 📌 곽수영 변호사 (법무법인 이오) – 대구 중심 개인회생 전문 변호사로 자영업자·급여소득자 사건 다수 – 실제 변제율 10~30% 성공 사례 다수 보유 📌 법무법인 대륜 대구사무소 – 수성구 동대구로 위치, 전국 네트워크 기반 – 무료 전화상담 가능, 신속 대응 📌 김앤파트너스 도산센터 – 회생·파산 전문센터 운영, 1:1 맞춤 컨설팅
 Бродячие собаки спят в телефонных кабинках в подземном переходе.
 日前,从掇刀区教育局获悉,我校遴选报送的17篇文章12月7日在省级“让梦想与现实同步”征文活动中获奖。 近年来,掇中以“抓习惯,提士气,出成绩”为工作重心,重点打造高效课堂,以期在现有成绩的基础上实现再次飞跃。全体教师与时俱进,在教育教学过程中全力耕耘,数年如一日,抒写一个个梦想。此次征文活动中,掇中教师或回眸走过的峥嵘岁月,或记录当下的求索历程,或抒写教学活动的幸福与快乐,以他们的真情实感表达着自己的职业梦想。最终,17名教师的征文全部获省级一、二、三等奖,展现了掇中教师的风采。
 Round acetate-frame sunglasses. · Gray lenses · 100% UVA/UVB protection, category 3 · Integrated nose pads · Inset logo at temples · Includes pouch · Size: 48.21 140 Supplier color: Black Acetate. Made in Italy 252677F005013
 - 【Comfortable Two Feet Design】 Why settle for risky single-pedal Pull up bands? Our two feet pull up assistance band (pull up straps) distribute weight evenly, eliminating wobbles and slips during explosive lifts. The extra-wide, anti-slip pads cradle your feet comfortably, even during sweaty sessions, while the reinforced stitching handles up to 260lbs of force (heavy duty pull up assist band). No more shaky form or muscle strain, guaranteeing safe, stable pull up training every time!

* * *

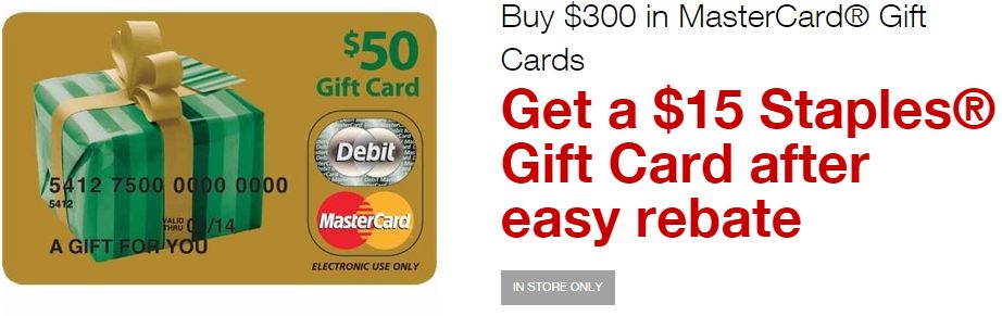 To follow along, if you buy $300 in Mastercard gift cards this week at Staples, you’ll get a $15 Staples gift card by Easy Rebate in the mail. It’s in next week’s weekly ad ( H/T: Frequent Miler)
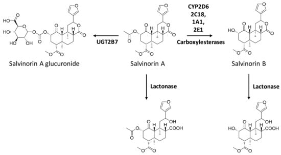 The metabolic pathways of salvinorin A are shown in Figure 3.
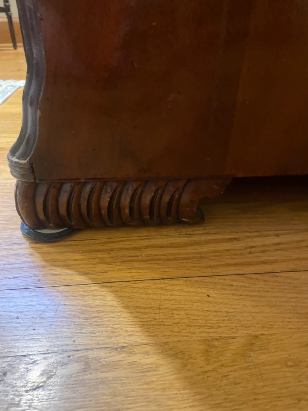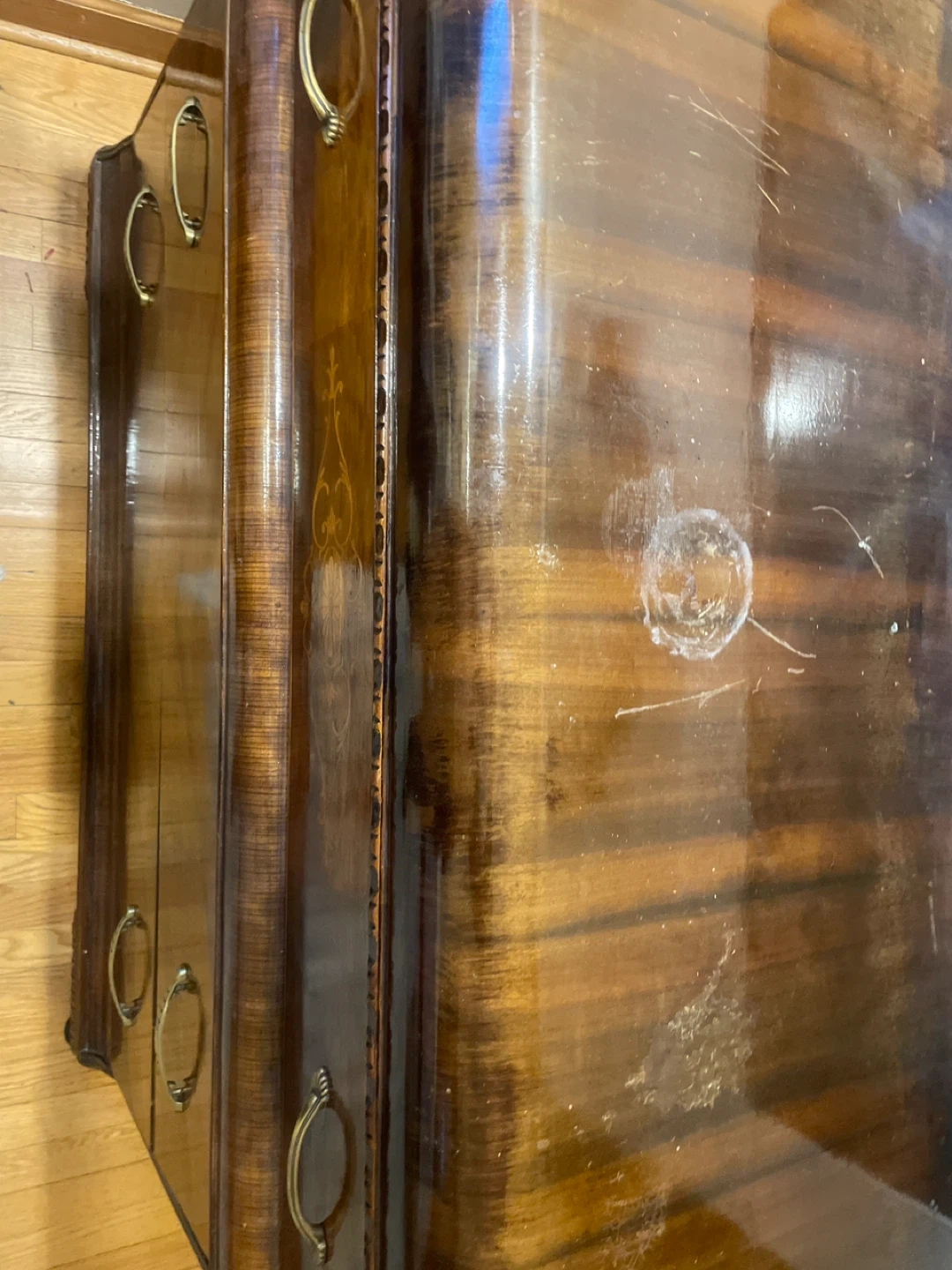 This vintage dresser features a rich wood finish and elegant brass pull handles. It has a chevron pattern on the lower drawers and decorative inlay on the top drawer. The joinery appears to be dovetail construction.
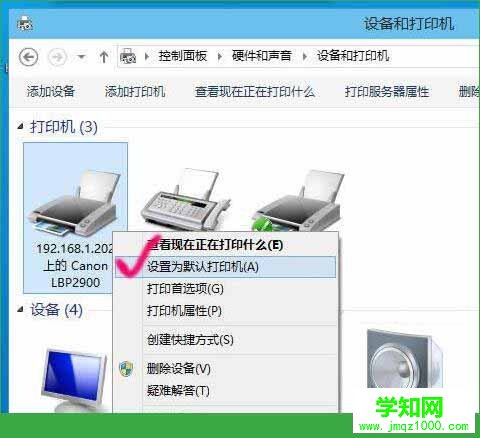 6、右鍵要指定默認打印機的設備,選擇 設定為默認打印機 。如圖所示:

==

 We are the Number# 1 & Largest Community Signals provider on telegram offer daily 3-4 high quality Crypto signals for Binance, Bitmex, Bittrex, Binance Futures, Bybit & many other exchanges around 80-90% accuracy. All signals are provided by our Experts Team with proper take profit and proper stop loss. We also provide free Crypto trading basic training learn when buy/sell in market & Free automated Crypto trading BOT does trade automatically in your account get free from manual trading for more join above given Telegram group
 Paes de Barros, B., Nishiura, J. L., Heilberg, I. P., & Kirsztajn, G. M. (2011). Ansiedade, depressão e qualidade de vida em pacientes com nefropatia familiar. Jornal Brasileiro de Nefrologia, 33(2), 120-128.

Directions for this task: Given the data above, transcribe exactly the lines from the one containing "운영, 1:1 맞춤 컨설팅" down to the one containing "Бродячие собаки спят", and no others.

Result for this exercise:
 📌 곽수영 변호사 (법무법인 이오) – 대구 중심 개인회생 전문 변호사로 자영업자·급여소득자 사건 다수 – 실제 변제율 10~30% 성공 사례 다수 보유 📌 법무법인 대륜 대구사무소 – 수성구 동대구로 위치, 전국 네트워크 기반 – 무료 전화상담 가능, 신속 대응 📌 김앤파트너스 도산센터 – 회생·파산 전문센터 운영, 1:1 맞춤 컨설팅
 Бродячие собаки спят в телефонных кабинках в подземном переходе.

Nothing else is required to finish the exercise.